Research has also shown that students participating in school-based vocational education and training (VET) had higher rates of school completion, full-time employment and incomes in their first year after school than non-VET students with similar characteristics. Ex-VET students were also more likely to be in a job they liked as a career. These benefits were associated with school-based VET programs with a workplace learning component.
The Productivity Commission used LSAY data to investigate the demand-driven university system. Many disadvantaged students successfully attended university as a result of the expansion of the system. However, those with lower literacy and numeracy were more likely to drop out. The study recognised schools and universities need to do more to prepare and support students, and that university might not always be the best option.
LSAY has been an important source of evidence for policy. National reviews and inquiries informed by LSAY data include the COAG Reform Council’s reporting on youth transitions (2009), the Bradley Review of Higher Education (2008) and the House of Representatives inquiry into combining school and work (2008-2009).

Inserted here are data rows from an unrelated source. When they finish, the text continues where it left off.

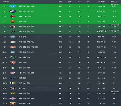 北京时间11月3日,意甲第10轮结束了8场比赛,最新积分榜如下!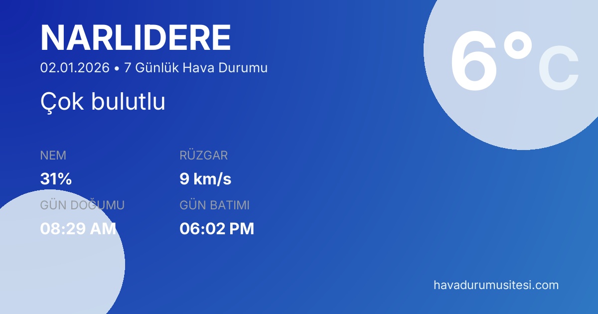 Önümüzdeki 7 gün boyunca sıcaklıkların -1°C ile 17°C arasında seyretmesi beklenmektedir. 3 gün yağışlı geçecek. 1 gün güneşli hava beklenmektedir. Narlidere hava durumu tahminleri düzenli olarak güncellenmektedir. Meteoroloji verileri güvenilir kaynaklardan alınmakta ve sürekli güncellenmektedir. Son güncelleme: 02.01.2026 17:31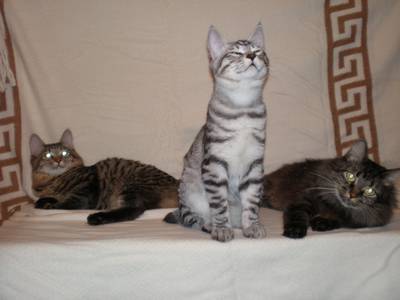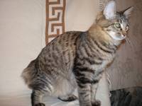 Тамара у нас в доме появилась случайно. Моя сестра, как-то рассказала, что у них в доме, в соседнем подъезде, у знакомых живут странные кот и кошка. Странность их заключалась в том, что у них нет хвоста. Нет, не то чтобы совсем нет, он есть, но очень маленький и очень причудливо закручен, как у поросёнка. Поэтому создается впечатление, что у кошки заячий хвостик-пумпон. У нас в доме кошки были с детства, но таких я никогда не встречал, поэтому мне очень захотелось иметь такое чудо у себя дома. И вот в мае это чудо появилось у нас. Тамара (так мы назвали котенка) сразу всем очень понравилась. Даже моя жена, которая всегда к кошкам относилась прохладно, не осталась равнодушна к этому маленькому чуду. Особенно Тамара пришлась по душе моему младшему сыну Никите. Он постоянно играл с ней и Тамарке тоже нравилось с ним играть. Особенно ей нравилось устраивать на него охоту. Тамарка где-нибудь пряталась, а когда Никита проходил мимо этого места она нападала на него из засады. Сын с криками убегал от неё, а она весело гналась за ним. Летом мы поехали на дачу и взяли Тамарку с собой. Я, честно говоря, боялся, сто она может убежать, но мои опасения были напрасны. Тамарка сначала обследовала весь домик, потом участок и как хозяйка улеглась на крыше, оглядывая с верху свои владения. С местной кошкой, Муськой, отношения складывались осень тяжело. Муська никак не хотела согласиться, что теперь здесь появилась новая жительница, но через какоето время смирилась, подружилась с Тамаркой и они даже спали вместе. С территории участка Тамарка ни куда не уходила, и по всюду сопровождала жену, бегала за ней как собачонка. Жена в сад и Тамарка за ней, жена в огород копать, а Тамарка сядет рядом и посматривает за ней. На даче у Тамарки по настоящему проявился талант охотника. Она часто радовала мою маму подарками, то из сарая принесет ей мышку, то с огорода лягушку или ящерицу. Так Тамарка прожила у нас 1,5 года, радуя нас присутствием. Однажды на работе, в разговоре я узнал, что у нашей сотруднице, Марины, есть кот, с точно таким же хвостом как у нашей Тамарки. Я рассказал ей про свою кошку, принес фотографии. Марина мне рассказала, что это кошка нашей аборигенной породы Курильский бобтейл и предложила показать Тамарку председателю клуба «Кимберлит», в котором она состоит, Александру Оганесяну. И вот мы едем с нашей кошкой на смотрины. Я очень волновался, вдруг моя кошка не понравится специалистам. Но мои опасения были напрасны, Тамарка понравилась, а я познакомился с замечательными людьми настоящими фанатами породы Курильский бобтейл. От них я много узнал интересного и полезного для себя. На предложение Александра серьёзно заняться своей любимицей и вступить в клуб я с удовольствием согласился. С этого момента началась наша с Тамаркой клубная жизнь. Поездки на выставки, где я познакомился с другими членами нашего клуба. Коллектив оказался очень дружным веселым и компанейским. За небольшой срок, что я состою в клубе (месяцев 10) мы получили чемпиона по WCF и интерчемпиона по WCA. Зарегистрировали питомник «Мистер боб». Недавно вернулись от своего жениха Незнайки Крошка Флак (владелец Марина Крот) и теперь ждем первое потомство. ... Заа последних пол года произошло много интересного с моими питомцами. Во первых- 19 августа наша Тамара наконец то стала мамой, у неё родилось четверо замеч
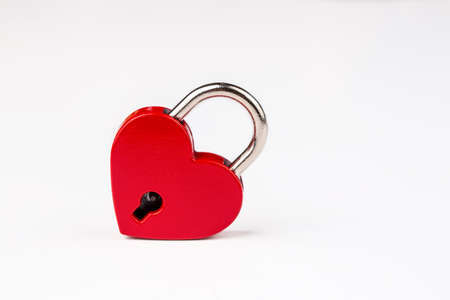 Red padlock in the shape of a heart on a white background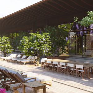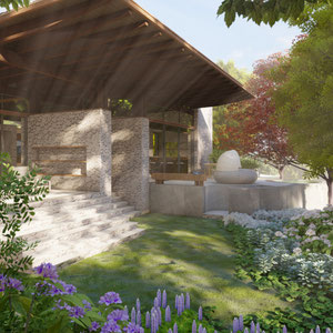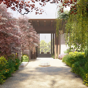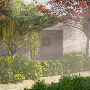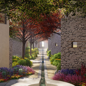 Esta segunda etapa nace en una fuente que alimenta un canal, atraviesa un arco y plaza de acceso. Continúa flanqueado por encinos rojos que estructuran una profunda fuga visual. Entre los arbustos se encuentran senderos ocultos que dan acceso a las suites, baños, biblioteca, desayunador, etc.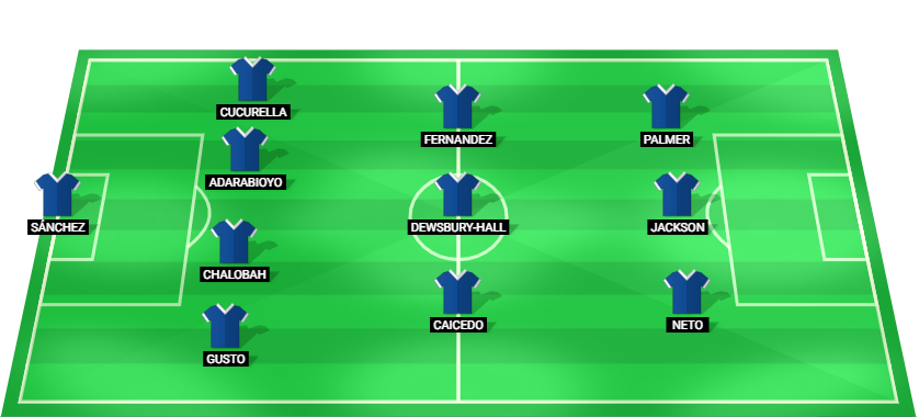 সানচেজ (জিকে), গুস্টো (ডিএফ), চালোবা (ডিএফ), আদারাবিয়ো (ডিএফ), কুকুরেলা (ডিএফ), ক্যাসেডো (এমএফ), ডেউসবারি-হল (এমএফ), ফার্নান্দেজ (এমএফ), নেটো (এফডব্লিউ), জ্যাকসন (এফডব্লিউ), পামার (এফডব্লিউ)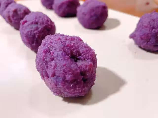 3、 紫薯蒸好了之後,用勺子搗成紫薯泥,加入一點白砂糖這樣更加甜,然後將紫薯搓成一個個大小相等圓形;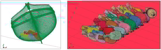 Ciortan and Fonseca [] carried out a numerical simulation of the sails of the 16th century Portuguese nau, Nossa Senhora dos Martires. After the ship’s excavation in 1996, it became possible to reconstruct its hull, but also the above-water structure, including the masts, yards and sails, as well as the latter’s aerodynamics. The authors used the well-known Star-CCM+ CFD software to explore the combination of wind incidence angles and yard angles on the ship’s sailing performance, as shown in Figure 18.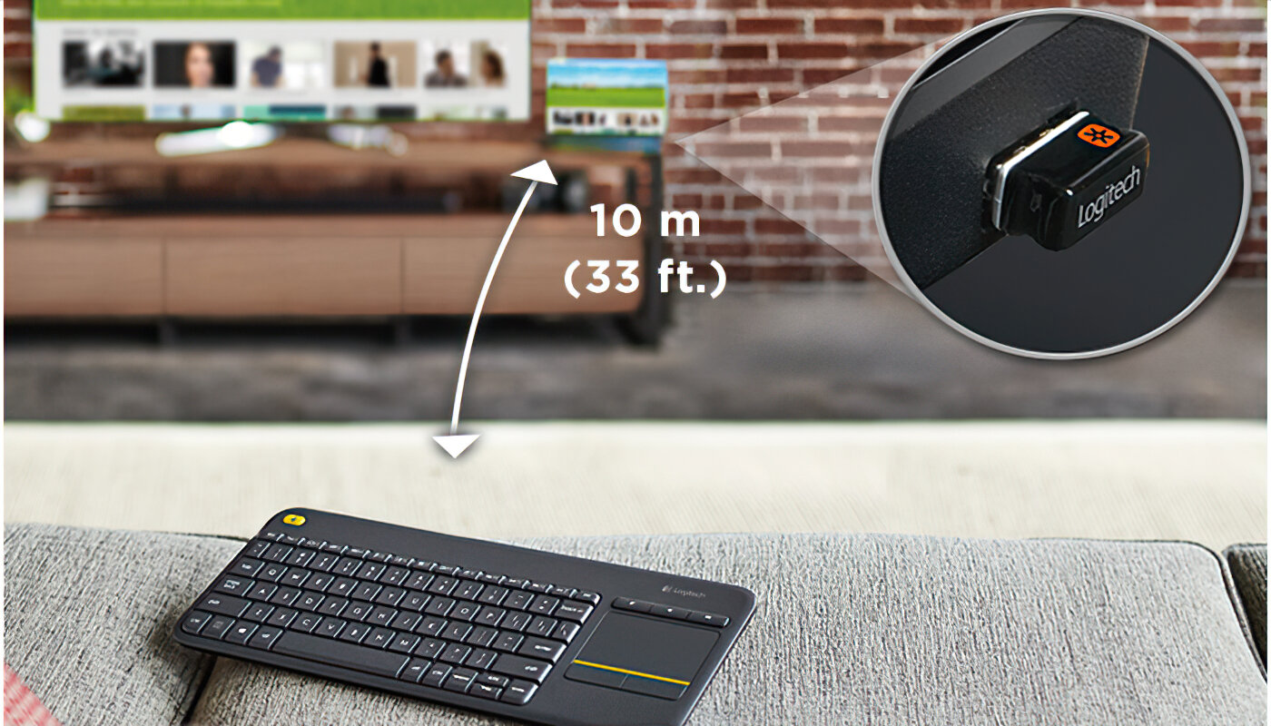 КлавиатураLogitechK400PlusWirelessTouchKeyboardBlack(920-007173) .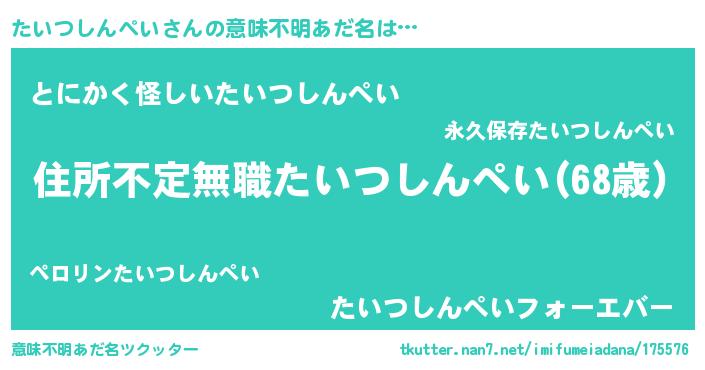 | 男性向けラノベタイトル風あだ名 | 『この素晴らしい世界にたいつしんぺいを!』 |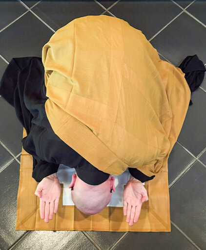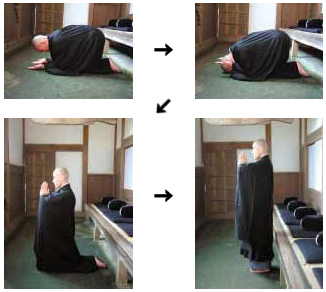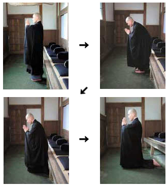 If there is some physical or personal reason not to prostrate, a simple deep standing Gassho can be substituted. For those who must be in bed, a sincere hand gesture or wink can hold all the sincere heart of a full bow if the heart means it so. All that matters is that there is present the sincerity and the humility of the prostration.

The recent Education Council Review of Senior Secondary Pathways, released in July, draws heavily on LSAY to establish how students can choose the best pathway for their transition from school.
LSAY has a high degree of comparability with international youth surveys. These include the Transition from Education to Employment (TREE) study in Switzerland, the Youth in Transition Survey (YITS) in Canada, the Education Longitudinal Study (ELS) and National Longitudinal Survey of Youth (NLSY) in the United States, and Next Steps in the UK.
Most of these have a starting sample of about 9,000 individuals. Next Steps has 16,000. LSAY’s starting sample of 14,000 young Australians makes it one of the largest surveys of its kind in the world.
Tracking lives through the GFC and COVID-19
These datasets enable us to transform a snapshot of a person’s life into a moving picture. Compared with cross-sectional studies, these longitudinal datasets provide a much clearer picture by accounting for personalities, life events and pathways.
Combining a longitudinal study with cohort studies sheds more light on this picture by controlling for inter-generational differences, or crises such as wars, financial downturns or natural disasters.
For example, using data from four LSAY cohorts, one study found the well-being of those whose transitions occurred during the global financial crisis (GFC) was much worse on several measures, including standard of living, home life, career prospects, social life and independence.
The extraordinary challenges Australian youth face as a result of the coronavirus pandemic will be documented when the sixth LSAY cohort, now aged 20, complete their sixth survey in 2020 and further surveys in the years thereafter.
By providing a valuable resource to explore the longer-term effects of this crisis, LSAY continues to stand the test of time.